A targeted thyroid and fertility support where intake is low — with a strict upper limit worth respecting.

Dose
100–200 mcg/day selenomethionine, or 1–2 Brazil nuts · Ceiling 200 mcg
When to take
With a meal · Once daily
Pairs well with
Iodine; zinc; vitamin D
Avoid
Other high-selenium sources at the same time (Brazil nuts + supplement); exceeding 200 mcg total
Side effects
Narrow safe window; hair/nail problems if overdone

What selenium does

Selenium is an antioxidant mineral the thyroid depends on to work. Since the thyroid sets the pace for a woman's metabolism, energy, mood and cycles, selenium has an outsized, behind-the-scenes role in hormone health. It is also concentrated in the ovaries and supports fertility and a healthy pregnancy.

Does it actually help? An honest answer

For thyroid health, the evidence is reasonably good — selenium is essential for converting thyroid hormones into their active form, and there is some evidence it lowers the antibodies in autoimmune (Hashimoto's) thyroid disease. For fertility it plays a supporting role. The honest framing: it is genuinely useful where intake is low or thyroid antibodies are raised, but it is not a general tonic, and more is definitely not better.

Signs you might benefit

A diagnosed thyroid condition (especially Hashimoto's), trying to conceive, or a diet low in selenium-rich foods (seafood, eggs, Brazil nuts).

Richest food sources

Brazil nuts are in a class of their own — just one or two can supply, or exceed, a whole day's selenium, because they concentrate it so dramatically (which is also why a daily handful can tip you over the safe limit). After Brazil nuts, the richest sources are seafood (tuna, sardines, prawns, oysters), then eggs, poultry, organ and muscle meats, and wholegrains, sunflower seeds and mushrooms. One nuance many women don't realise: the selenium in plant foods depends heavily on the soil they were grown in, so the same food can be selenium-rich or selenium-poor by region — which is why deficiency clusters in certain parts of the world. For most women, one or two Brazil nuts a day is a complete, natural selenium strategy with no supplement needed.

How much to take

A sensible dose is 100–200 mcg/day of selenomethionine, or simply one to two Brazil nuts a day (a natural, concentrated source). Do not exceed 200 mcg from all sources combined.

When and how to take it

Take it with food. If you eat Brazil nuts regularly, you may not need a supplement at all — and shouldn't double up.
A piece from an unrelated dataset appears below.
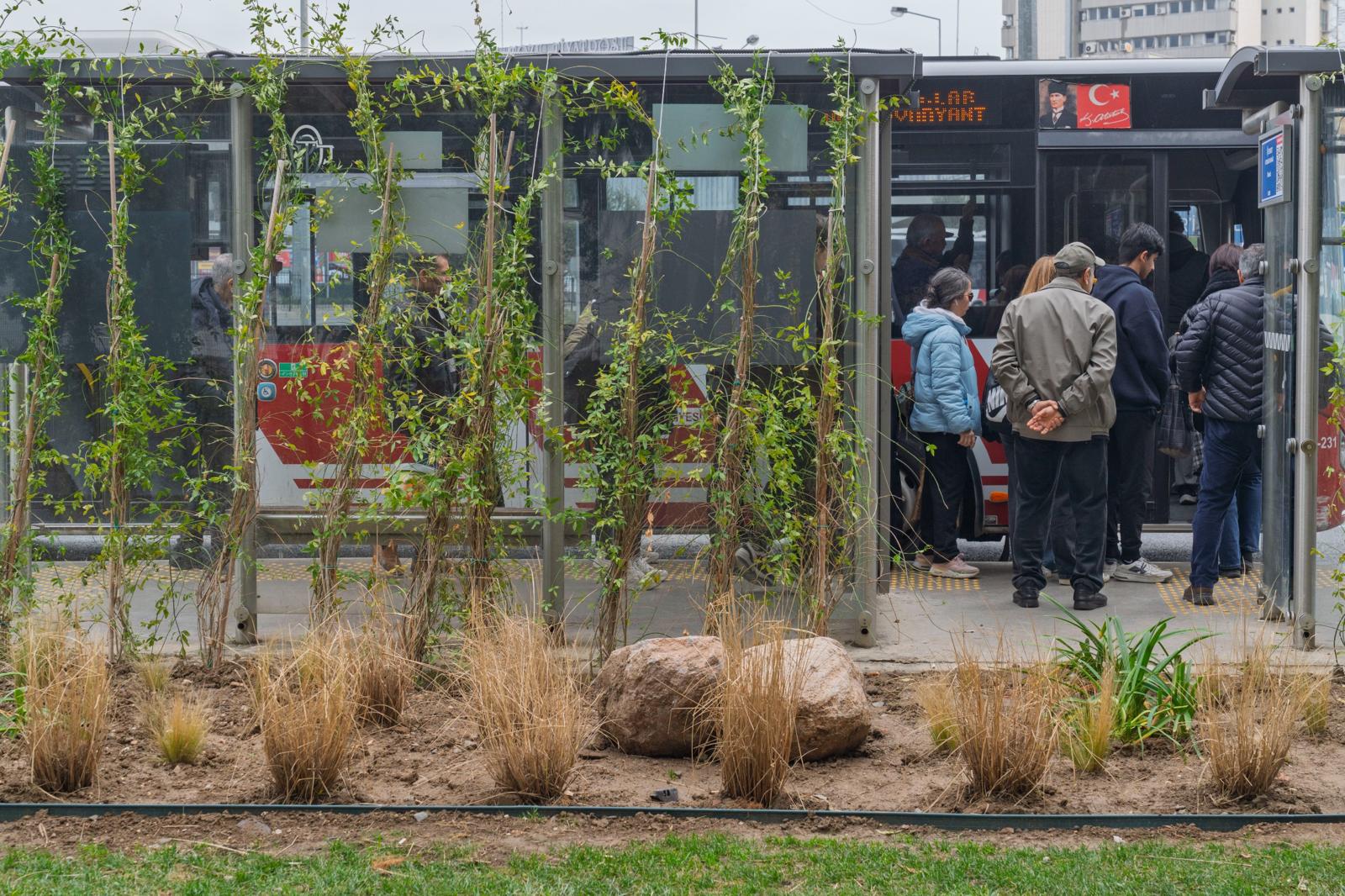 İzmir Büyükşehir Belediyesi, kamusal alanlarda yaptığı estetik dokunuşlarla kentin çehresini değiştirmeye otobüs duraklarıyla devam ediyor. Yeşil Durak projesi kapsamında durakların üstü sarmaşıklarla donatılırken, durak çevresi ise az su tüketen bitkilerle düzenleniyor.

Too much / what to watch for

Selenium has a narrow safe window. Going above 200 mcg/day long term causes hair loss, brittle nails, a garlicky breath odour and, at high doses, toxicity. This is one to respect the ceiling on.

What to stack with

Iodine (the thyroid needs both, in balance), zinc, and vitamin D — a common thyroid-support combination.

What to avoid — supplements and medicines

Don't combine a selenium supplement with daily Brazil nuts (easy to overshoot). If you take thyroid medication, check with your doctor, as selenium can influence thyroid hormone levels.

Who should be cautious

Anyone already eating Brazil nuts daily, and those on thyroid medication (coordinate with your doctor).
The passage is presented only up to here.